What a way to start off the year. Phil "The Power" Taylor wins his 16th World Championship title. With focus and determination he came from behind to take the 7-4 victory over young gun Michael van Gerwin of the Netherlands. Phil was brought to tears after the event as he spoke of his friend, long standing PDC commentator Sid Waddell, whose name now adorns the Championship Trophy.
In an interview pregame, he said "It would be an honor to win the Sid Waddell trophy, and if I do win it, I'd like to present the trophy to Sid wife in his honor.."
How do you follow quality sportsmanship like that? It seems in this day and age we are more concerned over popularity, greed, and trivialism than buckling down and putting in the hard work.
So in that manor I want to turn the clocks back a bit to the mid 1930 and for a minute take you into a local pub in Yorkshire England.
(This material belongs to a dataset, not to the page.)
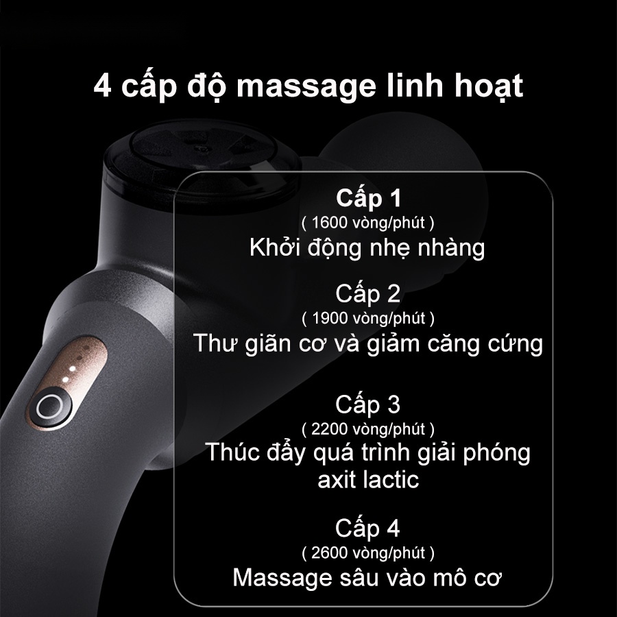 - Cấp độ 4 (2600 vòng/phút): Tác động sâu vào mô cơ, phù hợp cho các vận động viên hoặc người thường xuyên tập luyện cường độ cao, giúp xử lý các điểm đau cứng đầu một cách chuyên sâu.

Miners and Steelworkers line the bar still covered in their labours. Pints flow to quench their thirsts and talk is heavy about the football clubs. A few of the regulars settle in for a game of darts.
Now darts here in Yorkshire differ a bit from their countrymen in London. Unlike the London board, a Yorkshire has no treble ring and a smaller 'center only' bullseye. The outer double ring is standard size. Their game of choice is '301' open in/double out.
So pulling you from this past scene, I introduce this sessions practice lesson. (Now I don't expect you to go out and buy a vintage Yorkshire board)
Playing the Yorkshire way to enhance your outs. Begin with 301 points and focus your scoring on the doubles ring. If your darts fall anywhere in a numbers play area it will count as 1 mark equal to the point area. Doubles will remain the same including the center bull. To make this a little harder, the single bull area is no score.
As Bristow said "Trips for show, Doubles for Dough" Gather your friends and enjoys a classic favorite and in the long run your doubles will improve greatly.
Cheers and don't forget to check out the upcoming BDO Championships from Lakeside.